What you will learn

SENG 41283 Distributed & Cloud Computing is the Year 4 course that addresses the design and engineering of systems in which components located at networked computers communicate and coordinate their actions only by passing messages. It covers the full stack of distributed systems knowledge: from foundational communication models through to the cloud-native architectures that run today's internet-scale services.

You will develop four interlocking capabilities: reasoning about distributed system properties (concurrency, no global clock, independent failures); understanding communication at every level from UDP sockets to RPC, RMI, and microservices; applying correctness principles — security, replication, and distributed transactions; and working with modern cloud infrastructure — Kubernetes, containerisation, and cloud-native patterns.

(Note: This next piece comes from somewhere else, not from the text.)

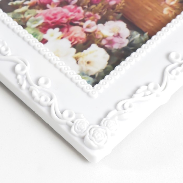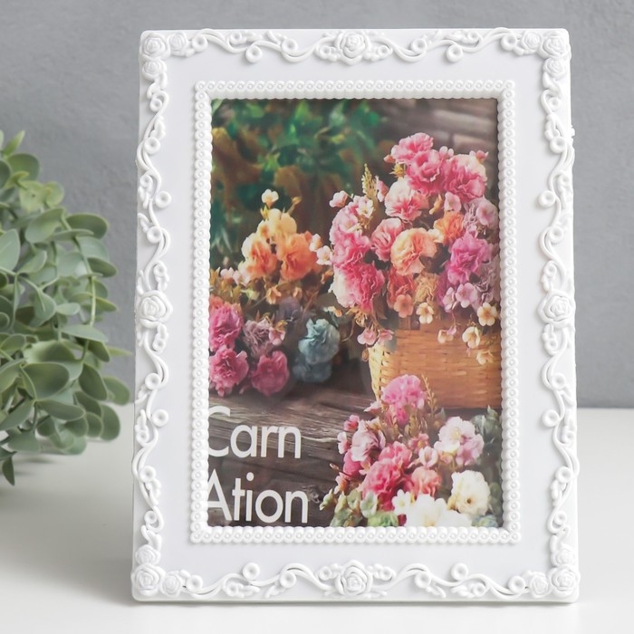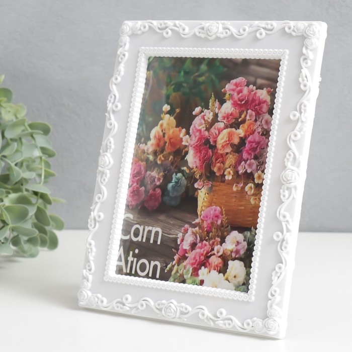 Фоторамка пластик 10х15 см "Растительный узор" белая 17х22 см

4 Parts · 12 Lectures · 4 Blog Assignments · 2 Programming Exercises

Part I — Foundations (L1–L4): Characterization, system models, networking, interprocess communication.
Part II — Communication (L5–L7): Remote invocation, monolithic vs microservices, indirect communication.
Part III — Reliability & Security (L8–L10): Security, replication, distributed transactions.
Part IV — Advanced Topics (L11–L12): Cryptography, remote invocation deep dive.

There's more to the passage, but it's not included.